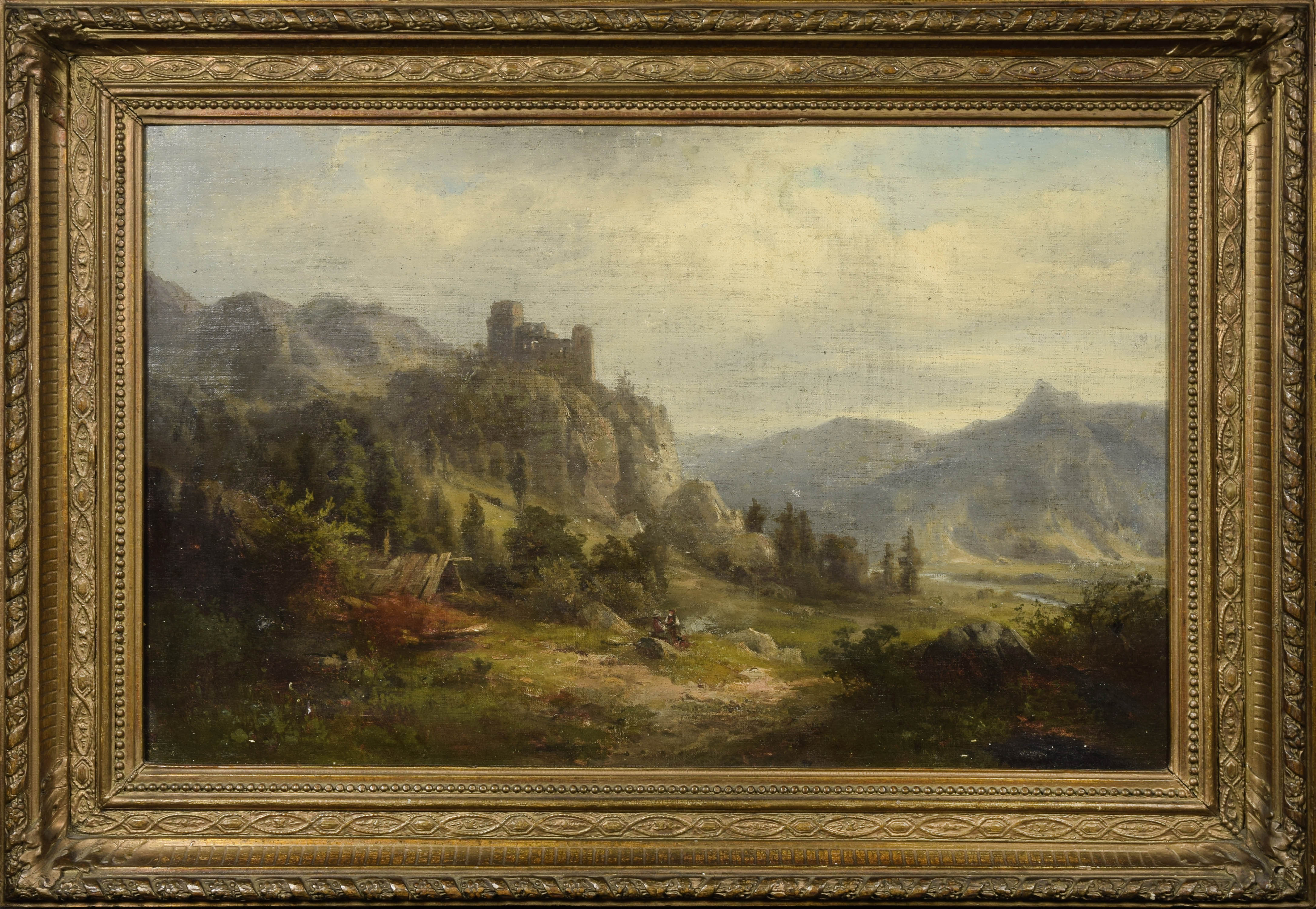 olej, płótno dublowane; 50 x 76,5 cm; na odwrocie, na płótnie i ramie ślady lub pozostałości nalepek, oraz numer, na krośnie malarskim owalny stempel (trawiony w drewnie), prawdopodobnie berlińskiego składu przyborów malarskich.
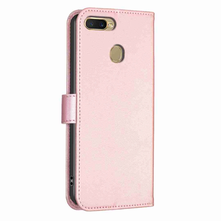 Para Oppo A7 Funda de Cuero con Relieve de Cuatro Hojas (Rosa)
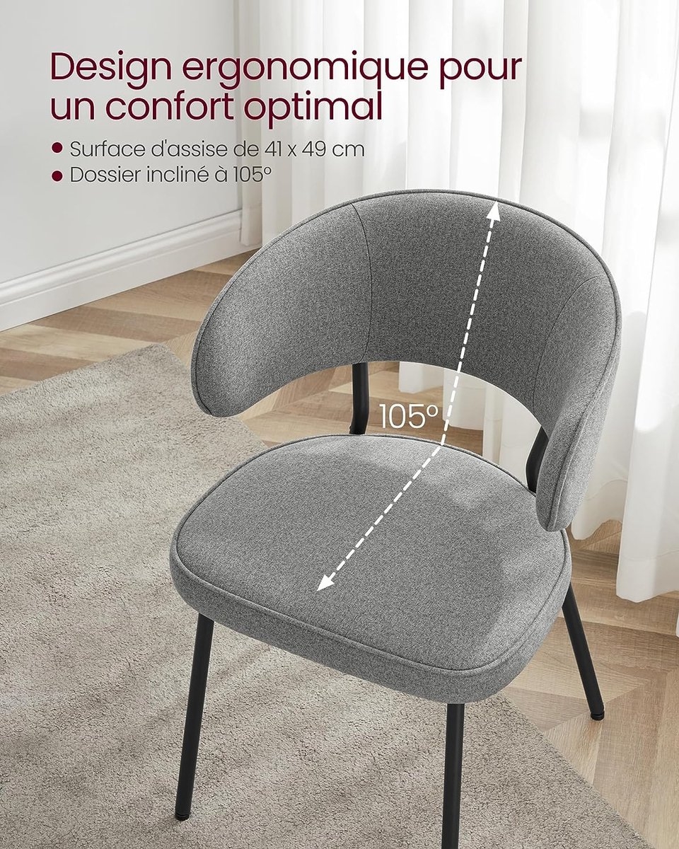 [Hoog zitcomfort] Het zitvlak van 41 x 49 cm verlicht de druk op uw heupen; het 7 cm dikke zitkussen is zacht; dankzij de hoek (105°) tussen rugleuning en zitting zorgt deze ergonomische keukenstoel voor een comfortabele houding.
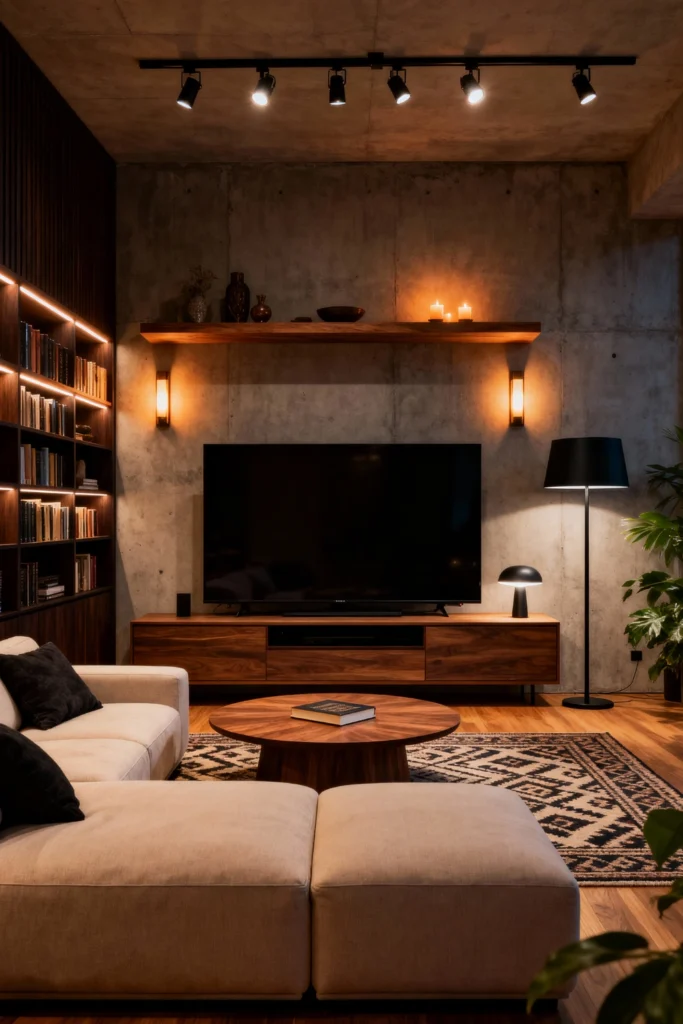 Celebrate raw concrete walls, but warm them up with rich walnut shelving and warm LED cabinet lighting. Install a black track lighting system to highlight your book collection. Choose a low, round wooden coffee table to encourage conversation flow. Add a patterned rug with geometric designs to break up the wood floor and add a touch of history. It’s a masculine, architectural look that feels curated and deeply personal.
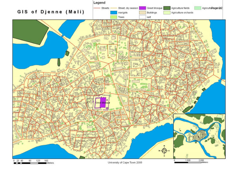 The Great Mosque of Djenné , the tallest historical mud mosque in the sub-Saharan region is considered by many to be the greatest achievement of the Sudano-Sahelian architectural style, In Djenné, the entire community takes an active role in the mosque’s maintenance via a unique annual festival. This event is coordinated by the barey-ton, the local corporation of traditional masons. Despite the yearly maintenance campaigns and the inscription of the Old City as a World Heritage Site in 1988, the Mosque was in poor condition. Started with architectural survey and studies in 2008, restoration work aimed to guarantee the stability of the building by consolidating the carpentry and wall bearing system. Work was completed in 2010.
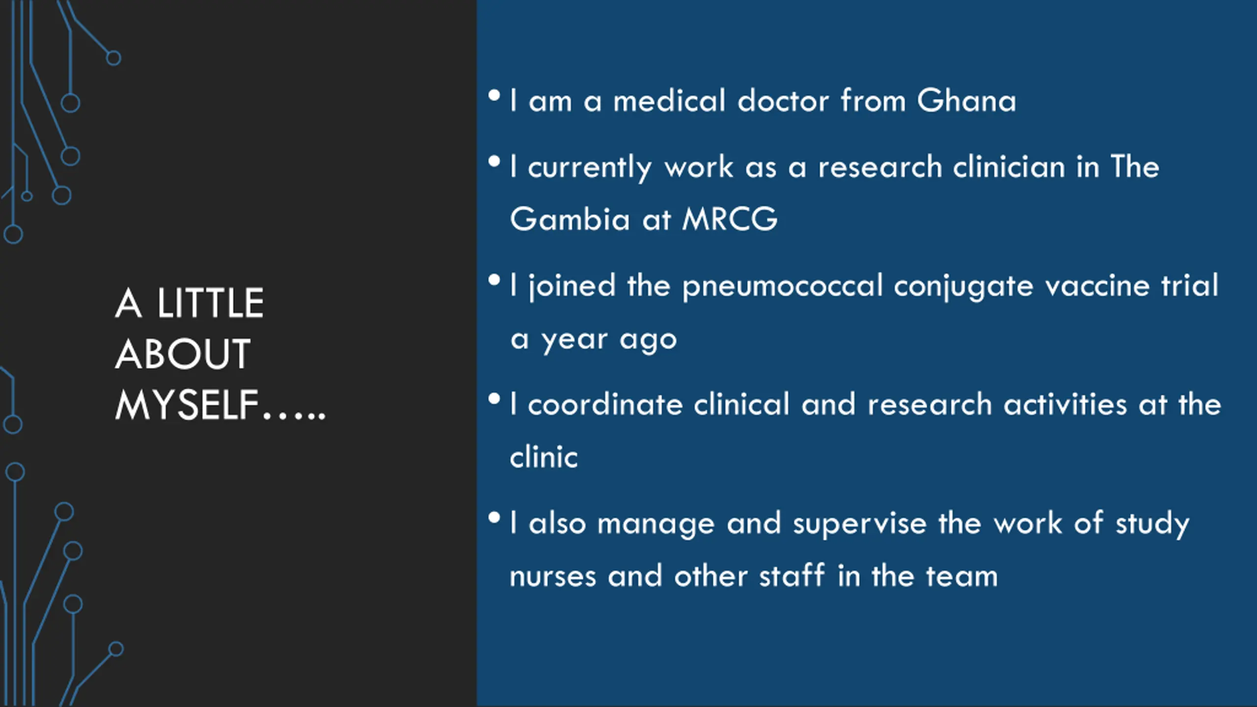 I am a medical doctor from Ghana I currently work as a research clinician in The Gambia at MRCG I joined the pneumococcal conjugate vaccine trial a year ago I coordinate clinical and research activities at the clinic I also manage and supervise the work of study nurses and other staff in the team A LITTLE ABOUT MYSELF ..
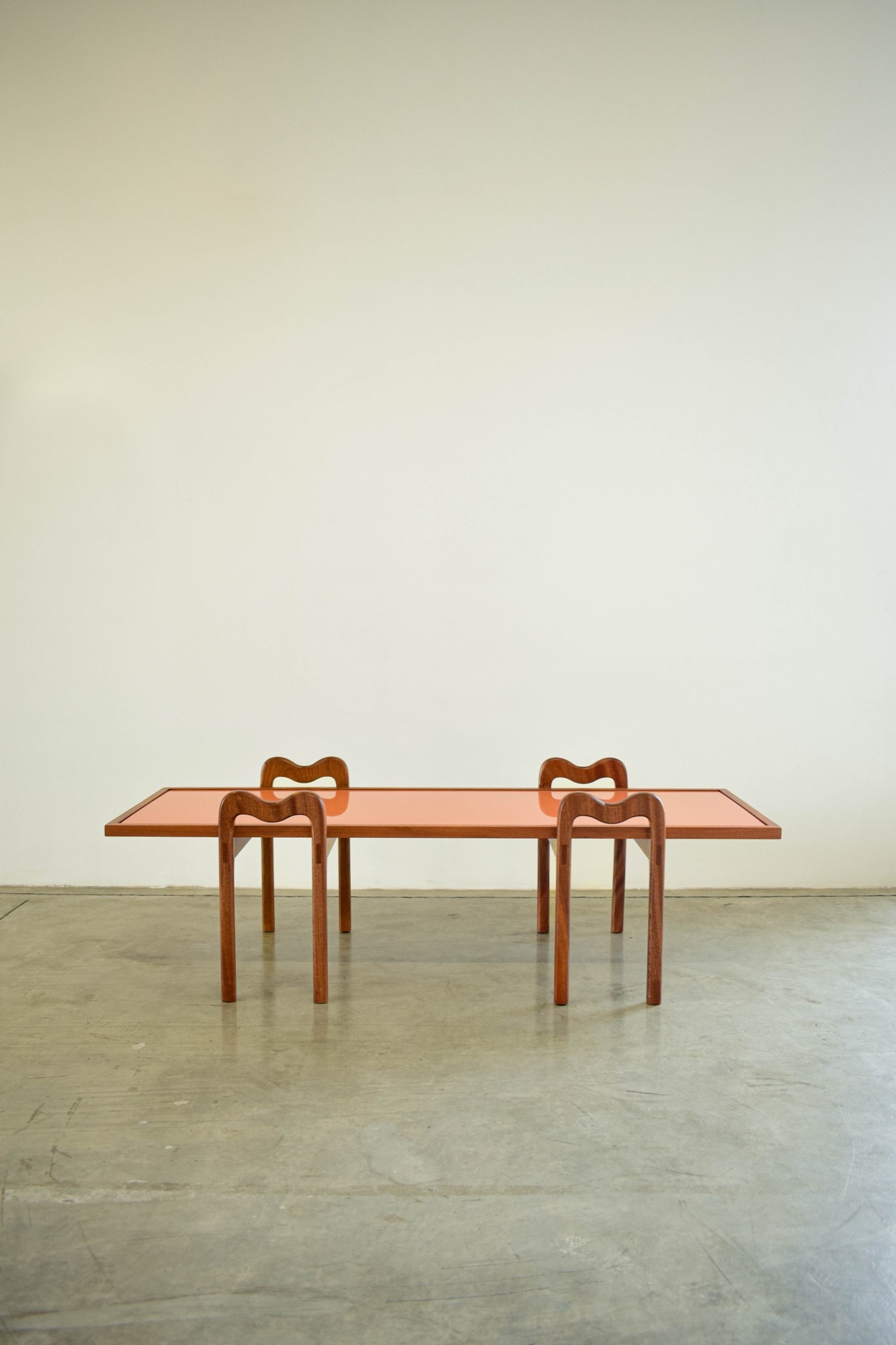 Thin and easy to move coffee table with a glossy top. Its minimalist silhouette is elevated by a glossy lacquered top, creating a delicate contrast with the warmth of the rich mahogany structure. Together, the materials form a balanced design, perfectly suited to refined interiors.
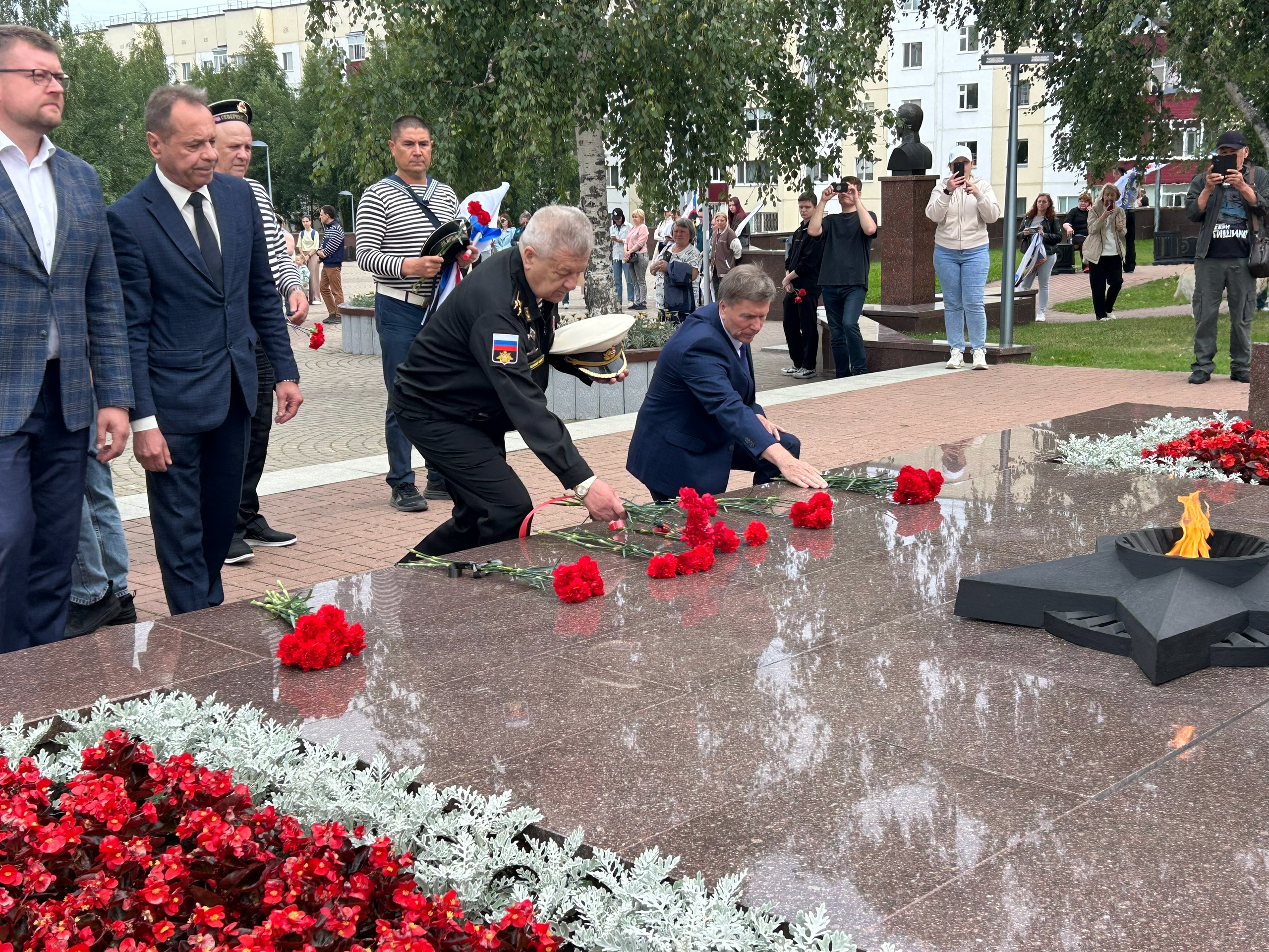 Участники мероприятия возложили цветы к памятнику и произнесли торжественные речи. Думу Сургута представлял депутат Виктор Рябчиков, который подчеркнул, что моряки России всегда доблестно сражались за Родину и продолжают самоотверженно защищать страну.
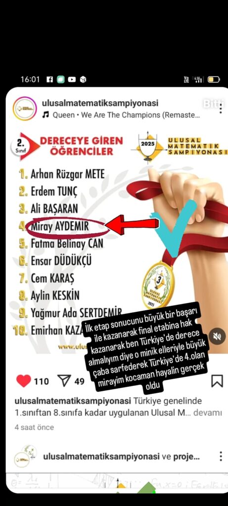 Miray, bu başarıyı azmi, düzenli çalışması ve matematikle olan güçlü ilgisine borçlu. Bu yüzden Öğretmenlerinin rehberliğinde, her gün düzenli olarak çalışarak matematiksel düşünme becerisini geliştirdi. “Başarı, çok çalışmanın sonucudur” diyerek, hem öğretmenlerine hem de arkadaşlarına ilham vermektedir.
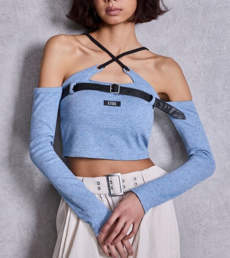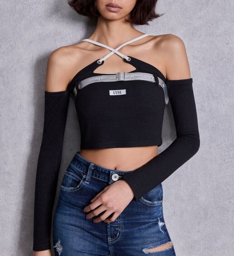 【GYDA】GYDAフロントクロスラメテレコTOPS
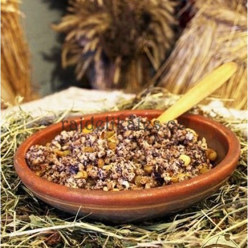 Ингредиенты: 250 г зерен пшеницы, 150 г изюма без косточек, 150 г нарезанных плодов инжира, 100 г меда. Приготовление: зерна пшеницы сварить до размягчения, но чтобы они оставались целыми. Изюм и инжир хорошо промыть, залить холодной кипяченой водой и дать набухнуть. Затем все соединить, добавить мед и перемешать.

_INSTRUCTIONS FOR THE TASK_: Give the listing again exactly, excluding pictures.

_RESPONSE AREA_:
 olej, płótno dublowane; 50 x 76,5 cm; na odwrocie, na płótnie i ramie ślady lub pozostałości nalepek, oraz numer, na krośnie malarskim owalny stempel (trawiony w drewnie), prawdopodobnie berlińskiego składu przyborów malarskich.
 Para Oppo A7 Funda de Cuero con Relieve de Cuatro Hojas (Rosa)
 [Hoog zitcomfort] Het zitvlak van 41 x 49 cm verlicht de druk op uw heupen; het 7 cm dikke zitkussen is zacht; dankzij de hoek (105°) tussen rugleuning en zitting zorgt deze ergonomische keukenstoel voor een comfortabele houding.
 Celebrate raw concrete walls, but warm them up with rich walnut shelving and warm LED cabinet lighting. Install a black track lighting system to highlight your book collection. Choose a low, round wooden coffee table to encourage conversation flow. Add a patterned rug with geometric designs to break up the wood floor and add a touch of history. It’s a masculine, architectural look that feels curated and deeply personal.
 The Great Mosque of Djenné , the tallest historical mud mosque in the sub-Saharan region is considered by many to be the greatest achievement of the Sudano-Sahelian architectural style, In Djenné, the entire community takes an active role in the mosque’s maintenance via a unique annual festival. This event is coordinated by the barey-ton, the local corporation of traditional masons. Despite the yearly maintenance campaigns and the inscription of the Old City as a World Heritage Site in 1988, the Mosque was in poor condition. Started with architectural survey and studies in 2008, restoration work aimed to guarantee the stability of the building by consolidating the carpentry and wall bearing system. Work was completed in 2010.
 I am a medical doctor from Ghana I currently work as a research clinician in The Gambia at MRCG I joined the pneumococcal conjugate vaccine trial a year ago I coordinate clinical and research activities at the clinic I also manage and supervise the work of study nurses and other staff in the team A LITTLE ABOUT MYSELF ..
 Thin and easy to move coffee table with a glossy top. Its minimalist silhouette is elevated by a glossy lacquered top, creating a delicate contrast with the warmth of the rich mahogany structure. Together, the materials form a balanced design, perfectly suited to refined interiors.
 Участники мероприятия возложили цветы к памятнику и произнесли торжественные речи. Думу Сургута представлял депутат Виктор Рябчиков, который подчеркнул, что моряки России всегда доблестно сражались за Родину и продолжают самоотверженно защищать страну.
 Miray, bu başarıyı azmi, düzenli çalışması ve matematikle olan güçlü ilgisine borçlu. Bu yüzden Öğretmenlerinin rehberliğinde, her gün düzenli olarak çalışarak matematiksel düşünme becerisini geliştirdi. “Başarı, çok çalışmanın sonucudur” diyerek, hem öğretmenlerine hem de arkadaşlarına ilham vermektedir.
 【GYDA】GYDAフロントクロスラメテレコTOPS
 Ингредиенты: 250 г зерен пшеницы, 150 г изюма без косточек, 150 г нарезанных плодов инжира, 100 г меда. Приготовление: зерна пшеницы сварить до размягчения, но чтобы они оставались целыми. Изюм и инжир хорошо промыть, залить холодной кипяченой водой и дать набухнуть. Затем все соединить, добавить мед и перемешать.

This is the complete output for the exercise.